**WORK ORDER**: Nothing but the lines below from the one that contains "CAN. LP-E6/LP-E6N JJC" through the one that contains "(6)透水水泥混凝土拌合物從" should be retyped, exactly and including both ends. Do not include pictures.

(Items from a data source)
=== Section Start ===

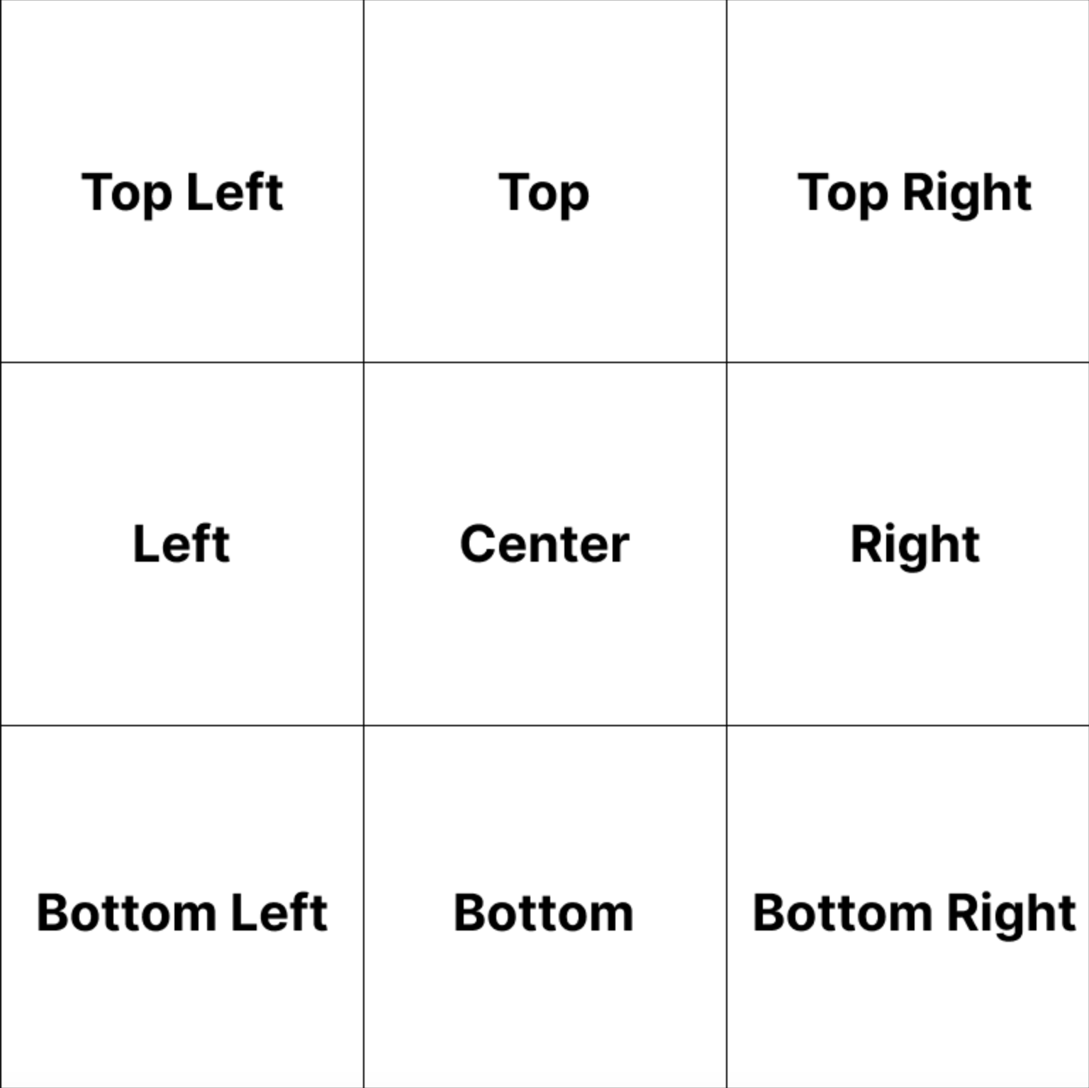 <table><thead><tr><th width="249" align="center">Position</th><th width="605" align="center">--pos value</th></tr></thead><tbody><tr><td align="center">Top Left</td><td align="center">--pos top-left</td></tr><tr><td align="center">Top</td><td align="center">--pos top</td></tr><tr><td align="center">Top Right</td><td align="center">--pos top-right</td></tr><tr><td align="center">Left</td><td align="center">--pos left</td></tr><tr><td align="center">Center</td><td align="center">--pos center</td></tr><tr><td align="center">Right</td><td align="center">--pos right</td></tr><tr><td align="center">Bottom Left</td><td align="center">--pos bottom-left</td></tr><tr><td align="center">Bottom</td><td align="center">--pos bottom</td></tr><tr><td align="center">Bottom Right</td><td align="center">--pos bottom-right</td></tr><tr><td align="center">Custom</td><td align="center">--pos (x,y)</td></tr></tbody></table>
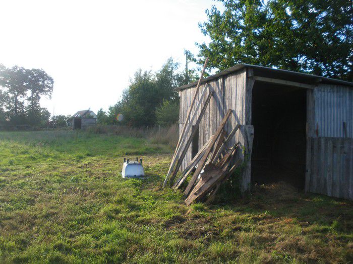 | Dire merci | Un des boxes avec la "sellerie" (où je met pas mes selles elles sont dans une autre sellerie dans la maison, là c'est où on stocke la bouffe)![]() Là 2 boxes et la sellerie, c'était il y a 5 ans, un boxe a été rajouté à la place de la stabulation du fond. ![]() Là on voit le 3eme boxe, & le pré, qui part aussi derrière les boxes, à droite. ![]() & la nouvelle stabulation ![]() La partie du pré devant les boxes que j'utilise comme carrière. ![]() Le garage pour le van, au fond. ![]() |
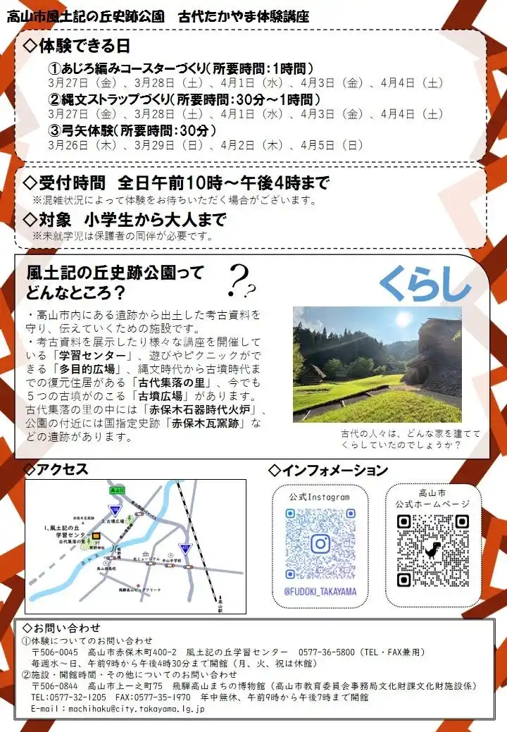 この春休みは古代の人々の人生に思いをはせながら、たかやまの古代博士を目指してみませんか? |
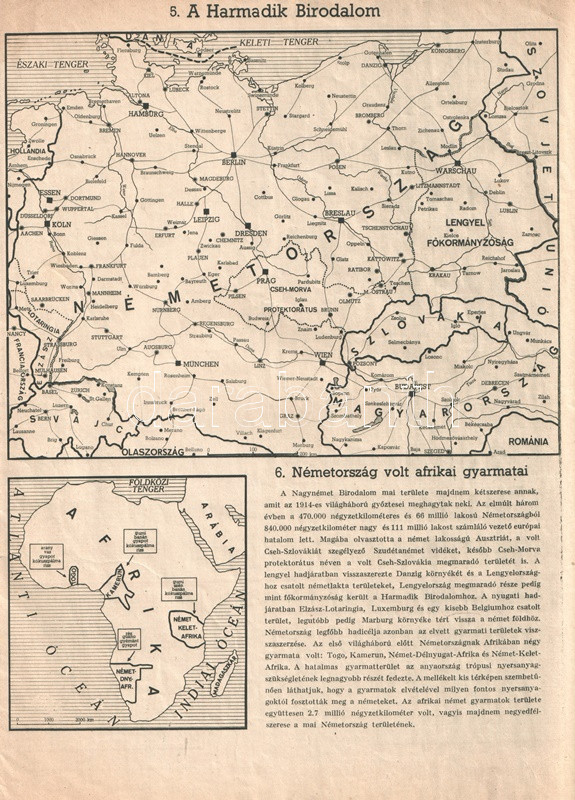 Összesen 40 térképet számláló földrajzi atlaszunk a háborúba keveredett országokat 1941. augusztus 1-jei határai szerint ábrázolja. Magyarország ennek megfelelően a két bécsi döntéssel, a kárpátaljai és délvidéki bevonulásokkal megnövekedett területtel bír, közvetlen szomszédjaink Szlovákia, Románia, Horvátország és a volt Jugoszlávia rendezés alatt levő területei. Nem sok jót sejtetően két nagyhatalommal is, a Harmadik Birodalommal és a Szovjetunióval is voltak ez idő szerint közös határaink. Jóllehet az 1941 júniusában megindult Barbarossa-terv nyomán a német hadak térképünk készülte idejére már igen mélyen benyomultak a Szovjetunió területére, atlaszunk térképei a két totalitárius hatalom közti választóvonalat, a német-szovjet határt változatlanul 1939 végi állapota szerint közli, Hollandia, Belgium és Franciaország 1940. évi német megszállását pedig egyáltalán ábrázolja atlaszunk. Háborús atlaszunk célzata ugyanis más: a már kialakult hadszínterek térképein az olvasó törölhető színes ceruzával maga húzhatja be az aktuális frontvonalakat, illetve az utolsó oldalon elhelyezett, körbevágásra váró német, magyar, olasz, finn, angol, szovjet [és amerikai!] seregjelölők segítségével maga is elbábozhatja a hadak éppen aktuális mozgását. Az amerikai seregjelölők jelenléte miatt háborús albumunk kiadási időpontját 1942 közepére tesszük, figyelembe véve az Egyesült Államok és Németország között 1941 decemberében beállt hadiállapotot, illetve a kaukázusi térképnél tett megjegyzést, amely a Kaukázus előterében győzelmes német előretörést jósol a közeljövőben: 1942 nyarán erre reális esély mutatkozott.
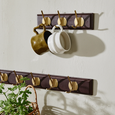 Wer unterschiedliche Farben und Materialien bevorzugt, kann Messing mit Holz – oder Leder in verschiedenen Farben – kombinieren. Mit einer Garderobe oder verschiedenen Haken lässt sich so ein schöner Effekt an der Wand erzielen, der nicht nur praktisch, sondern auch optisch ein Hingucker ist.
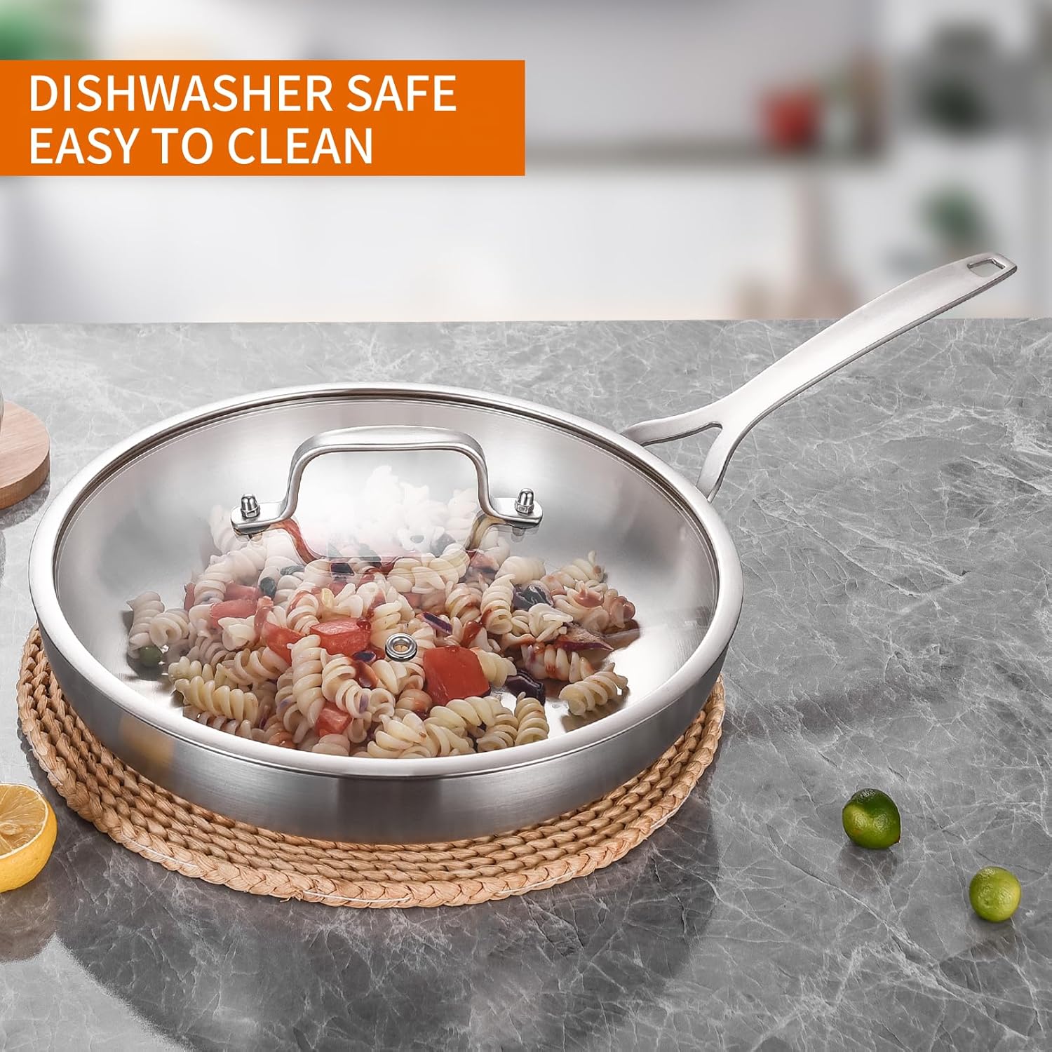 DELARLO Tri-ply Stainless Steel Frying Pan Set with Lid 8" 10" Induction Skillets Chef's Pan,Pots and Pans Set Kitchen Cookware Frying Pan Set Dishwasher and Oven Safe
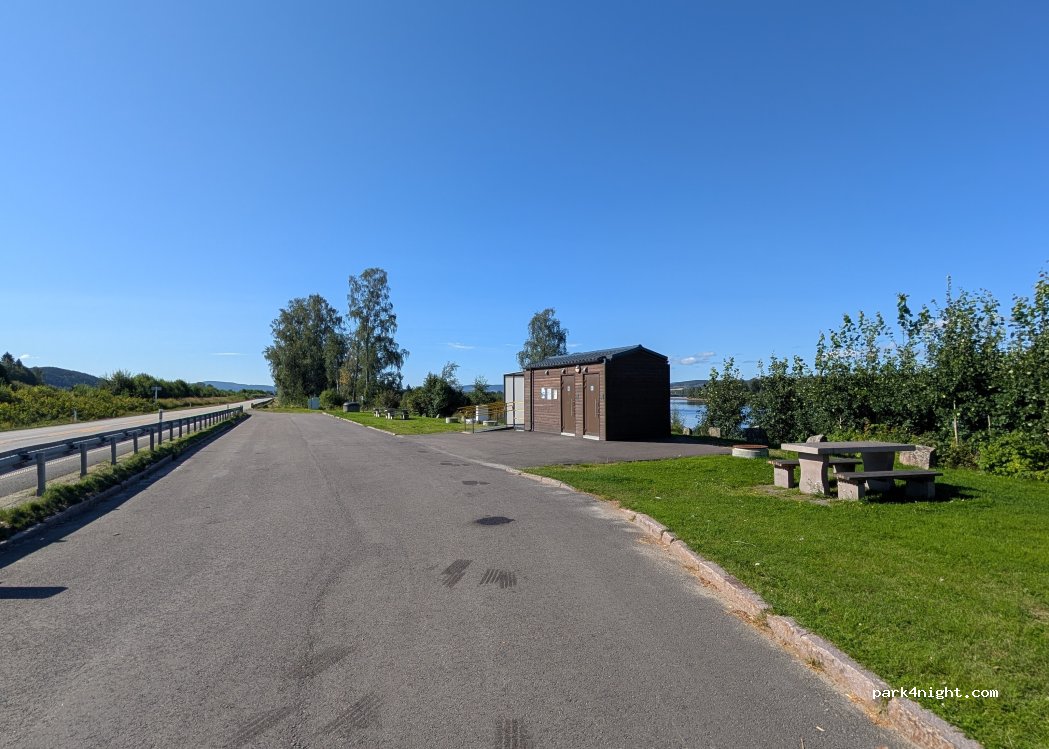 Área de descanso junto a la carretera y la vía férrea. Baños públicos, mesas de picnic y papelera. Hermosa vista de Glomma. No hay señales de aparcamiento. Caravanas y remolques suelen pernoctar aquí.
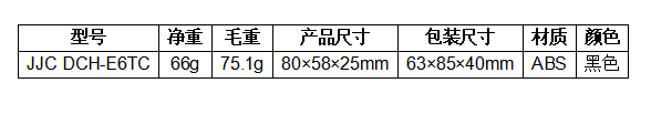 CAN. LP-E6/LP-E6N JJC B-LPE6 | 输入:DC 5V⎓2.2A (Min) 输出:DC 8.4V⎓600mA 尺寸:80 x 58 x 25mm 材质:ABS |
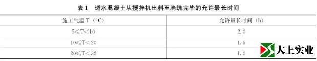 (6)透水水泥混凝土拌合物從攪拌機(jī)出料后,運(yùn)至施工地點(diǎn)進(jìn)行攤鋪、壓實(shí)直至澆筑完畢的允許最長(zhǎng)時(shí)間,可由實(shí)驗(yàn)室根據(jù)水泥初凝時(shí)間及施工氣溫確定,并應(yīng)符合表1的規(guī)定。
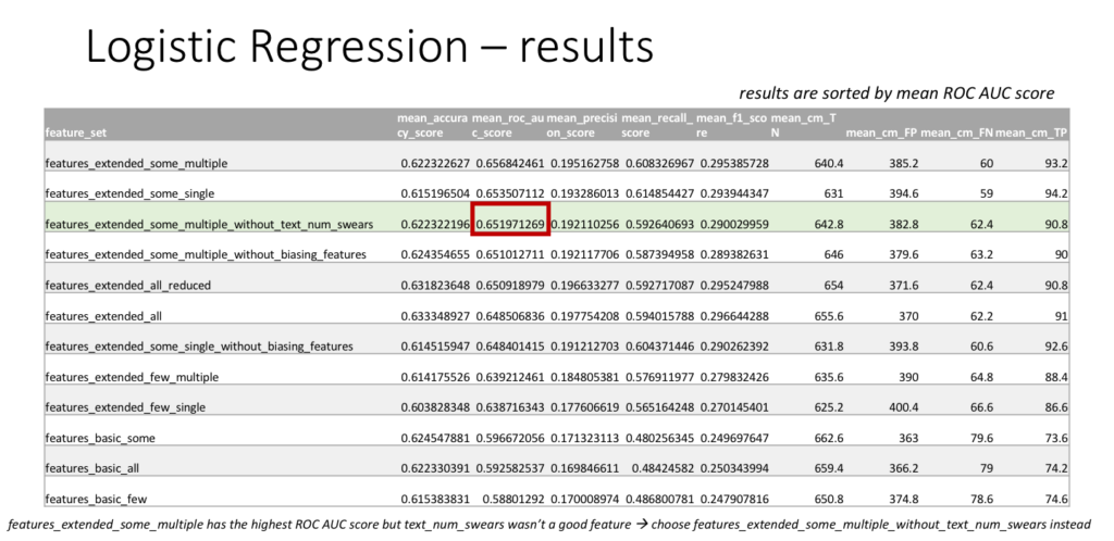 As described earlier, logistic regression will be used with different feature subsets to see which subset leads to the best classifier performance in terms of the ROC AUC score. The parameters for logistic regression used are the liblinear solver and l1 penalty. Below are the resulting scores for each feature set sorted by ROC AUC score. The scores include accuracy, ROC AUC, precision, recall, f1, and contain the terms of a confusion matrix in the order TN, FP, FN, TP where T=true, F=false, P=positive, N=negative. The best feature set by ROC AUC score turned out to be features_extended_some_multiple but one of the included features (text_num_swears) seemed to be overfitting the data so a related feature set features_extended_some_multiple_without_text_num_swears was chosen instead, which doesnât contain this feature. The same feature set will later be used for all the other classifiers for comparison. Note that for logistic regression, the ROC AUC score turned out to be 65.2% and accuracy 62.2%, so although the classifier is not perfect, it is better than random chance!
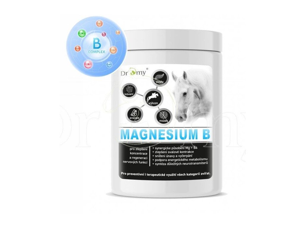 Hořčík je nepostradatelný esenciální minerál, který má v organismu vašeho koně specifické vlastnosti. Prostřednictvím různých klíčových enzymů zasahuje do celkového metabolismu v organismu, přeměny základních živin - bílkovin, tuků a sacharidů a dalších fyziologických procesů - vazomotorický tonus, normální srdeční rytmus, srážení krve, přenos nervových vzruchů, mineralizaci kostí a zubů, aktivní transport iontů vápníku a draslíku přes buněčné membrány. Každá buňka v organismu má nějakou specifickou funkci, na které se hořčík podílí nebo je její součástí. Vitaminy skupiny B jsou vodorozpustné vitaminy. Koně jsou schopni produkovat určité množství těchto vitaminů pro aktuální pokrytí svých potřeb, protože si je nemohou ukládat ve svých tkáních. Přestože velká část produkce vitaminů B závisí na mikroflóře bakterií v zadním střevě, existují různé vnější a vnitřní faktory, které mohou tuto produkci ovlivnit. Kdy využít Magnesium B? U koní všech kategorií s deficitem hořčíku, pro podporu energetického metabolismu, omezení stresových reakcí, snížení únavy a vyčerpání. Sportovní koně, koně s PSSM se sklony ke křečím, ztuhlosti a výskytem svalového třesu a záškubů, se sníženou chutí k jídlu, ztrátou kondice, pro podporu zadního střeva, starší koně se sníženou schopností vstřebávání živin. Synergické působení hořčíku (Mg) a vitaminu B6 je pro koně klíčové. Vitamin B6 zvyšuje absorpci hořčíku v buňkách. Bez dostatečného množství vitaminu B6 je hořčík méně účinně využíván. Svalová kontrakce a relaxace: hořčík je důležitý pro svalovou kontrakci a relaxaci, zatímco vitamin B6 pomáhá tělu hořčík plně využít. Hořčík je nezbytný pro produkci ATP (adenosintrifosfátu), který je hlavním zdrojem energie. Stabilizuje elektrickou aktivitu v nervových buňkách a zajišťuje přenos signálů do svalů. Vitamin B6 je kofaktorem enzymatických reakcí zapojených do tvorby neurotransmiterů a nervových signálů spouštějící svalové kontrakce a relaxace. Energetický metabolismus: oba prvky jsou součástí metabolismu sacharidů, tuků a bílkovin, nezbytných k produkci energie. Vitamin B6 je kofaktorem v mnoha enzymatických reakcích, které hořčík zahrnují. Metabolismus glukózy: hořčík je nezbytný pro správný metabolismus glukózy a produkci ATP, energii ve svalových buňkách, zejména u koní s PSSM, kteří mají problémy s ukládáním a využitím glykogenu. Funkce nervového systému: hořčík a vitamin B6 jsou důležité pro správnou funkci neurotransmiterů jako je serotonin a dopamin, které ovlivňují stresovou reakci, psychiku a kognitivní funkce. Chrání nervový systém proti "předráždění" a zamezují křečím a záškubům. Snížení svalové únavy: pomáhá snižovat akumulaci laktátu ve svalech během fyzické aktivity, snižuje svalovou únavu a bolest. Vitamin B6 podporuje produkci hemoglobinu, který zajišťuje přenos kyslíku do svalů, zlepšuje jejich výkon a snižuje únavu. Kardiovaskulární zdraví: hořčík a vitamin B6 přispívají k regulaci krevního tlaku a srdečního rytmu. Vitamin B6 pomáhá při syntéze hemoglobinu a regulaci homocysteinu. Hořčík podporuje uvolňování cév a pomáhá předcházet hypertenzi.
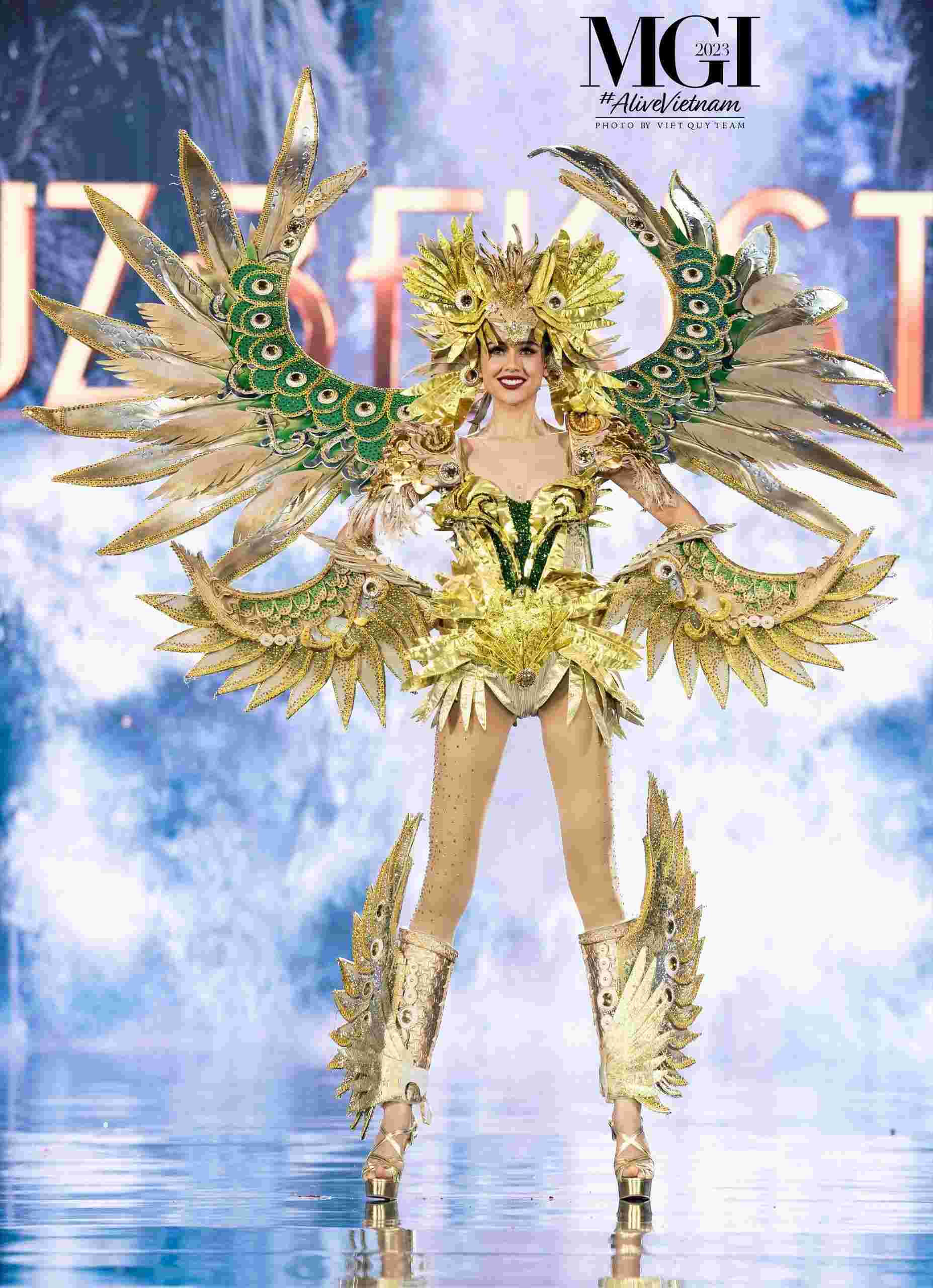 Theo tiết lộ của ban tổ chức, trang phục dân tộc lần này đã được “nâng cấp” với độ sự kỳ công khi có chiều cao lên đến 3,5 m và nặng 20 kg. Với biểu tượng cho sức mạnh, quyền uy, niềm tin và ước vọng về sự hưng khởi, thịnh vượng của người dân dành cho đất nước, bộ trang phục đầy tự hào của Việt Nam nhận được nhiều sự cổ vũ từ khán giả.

=== Section End ===

**EXERCISE ANSWER**:
 CAN. LP-E6/LP-E6N JJC B-LPE6 | 输入:DC 5V⎓2.2A (Min) 输出:DC 8.4V⎓600mA 尺寸:80 x 58 x 25mm 材质:ABS |
 (6)透水水泥混凝土拌合物從攪拌機(jī)出料后,運(yùn)至施工地點(diǎn)進(jìn)行攤鋪、壓實(shí)直至澆筑完畢的允許最長(zhǎng)時(shí)間,可由實(shí)驗(yàn)室根據(jù)水泥初凝時(shí)間及施工氣溫確定,并應(yīng)符合表1的規(guī)定。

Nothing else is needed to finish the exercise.